I knew someone in a past job, Jay, who was fairly reserved at work and didn’t share much but after approximately 1.5 drinks (you come to notice these things), he was a different person. He barely stopped talking and would want everyone to come out with him and his mates and had lots of love to declare.
Or there was another guy I used to work with, Mike, who was ambitious at work and got into a management role. And he was actually a great manager. But when he drank alcohol – it took about two beers – he would start going after the ladies. The more he drank, the more overt it became. Women found him charming and funny so, he got around a bit. But the next day at work it was back to business, like nothing had ever happened.
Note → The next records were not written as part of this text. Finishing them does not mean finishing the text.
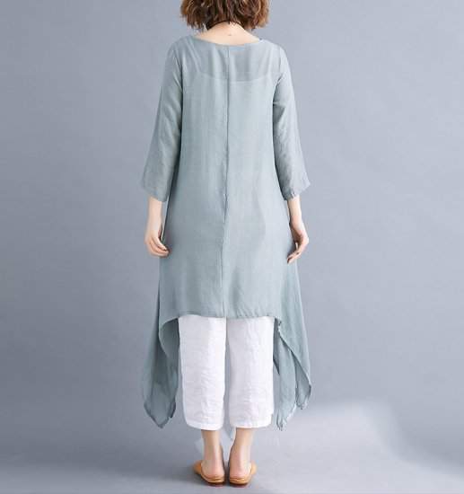 リネンワンピ Vネック エクリュ カラー Aライン ロングワンピ ルーズウエスト 部袖 ナチュラル シンプル812
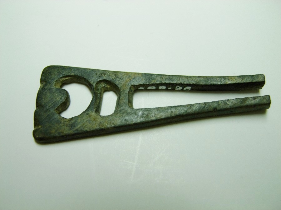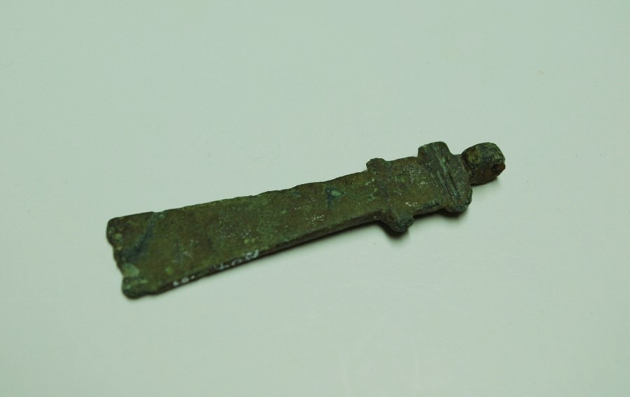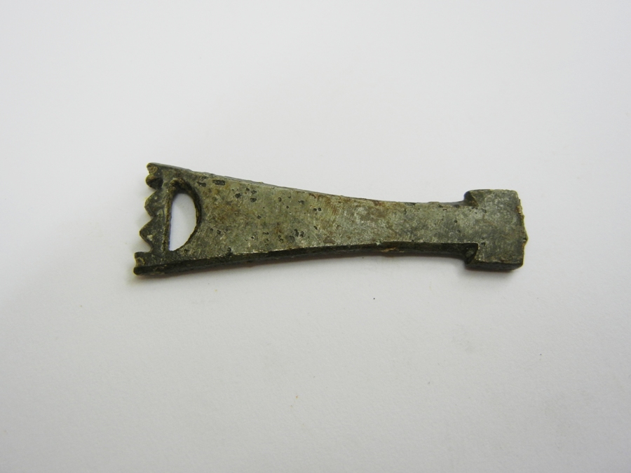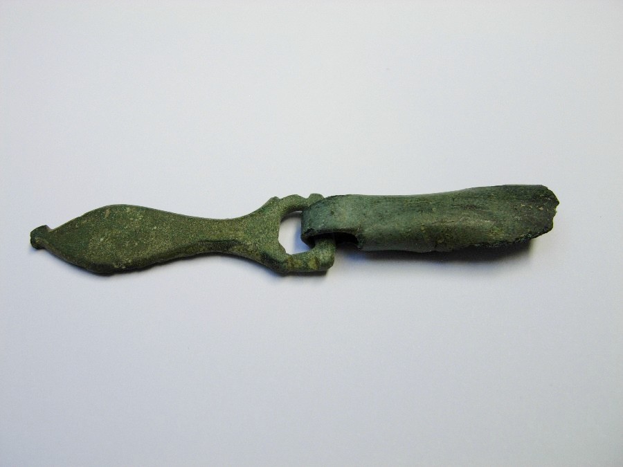 L. 4,6 cm, B. 1,5 cm. Bronze, verzinnt.
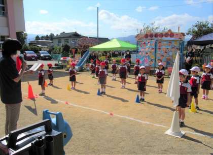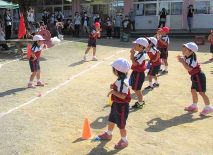 運動会 2 公開日 2021/09/25 更新日 2021/09/25 楽しい月岡幼稚園ニュース 開会式では、年長組の係の友達が誓いの言葉を言いみんなも復唱しました。準備体操「元気体操DA☆ZE-!」では、元気な声が響きポーズもよく決まっていましたね。年長組さんは係の仕事もよく頑張ってくれました。
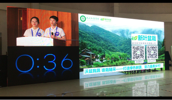 图为“盆栽蔬菜种植订购一体化产业链”项目负责人韦宁宁(右)参加湖北省赛金奖排位赛
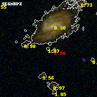 Black segments are analyzed here. Roll mouse over color images to view segments. Best viewed in a wide browser window (1200 pixels or more). Download SED & P(z) plots to view larger versions.

He’d be friendly to the women he’d been involved with but generally avoided any further (serious) contact.
These two people always make me think: be careful what skeletons you have in the cupboard – what repressed desires – because alcohol will set them free. Jay holds a secret desire to be close to people and have great bonds with them. He probably wants something that doesn’t exist; something that really, he needs to try to find within himself (ironically, if he had more self-assurance, he’d probably find that lots of people really do want to be close to him).
Mike is ambitious and has high standards for himself and any potential partner. He is already very popular but does try very hard, making a lot of effort to be a convention guy. Perhaps, when drunk, these rules and standards don’t seem so important and he is free. His habit of ‘ghosting’ women seemingly without any qualms suggests that he also holds a pretty high opinion of himself. However, thinking a lot of oneself is a feeble position, requiring a lot of maintenance. Probably the experience of being Mike is quite an emotionally exhausting one. Probably if he just accepted and valued himself for the person he is, not his achievements, and if he took a bit more time to just be kind to people, then life would be all the richer.
Alcohol lets the heart rule the head. When sober, we bury our desires. They are felt, bubbling, deep down, but rational sense forces us to concede that, for some reason, we cannot have this thing we want. So we keep it on the low.
It is sad that so many people hold onto fantasies and hopes which cannot be expressed in sober life. That is not to say that they should just reveal all. The question is, are these repressed desires well-founded? Are the things they aspire to superficial? We are so very tempted by things such as sentimentality; nostalgia; ideas about our perfect partner, or the admiration of others. The imagining of these things excites us, but only in a sad way, because we long for them.
Perhaps these repressed desires reveal obstacles to happiness. And rather than being fulfilled, they should be relinquished.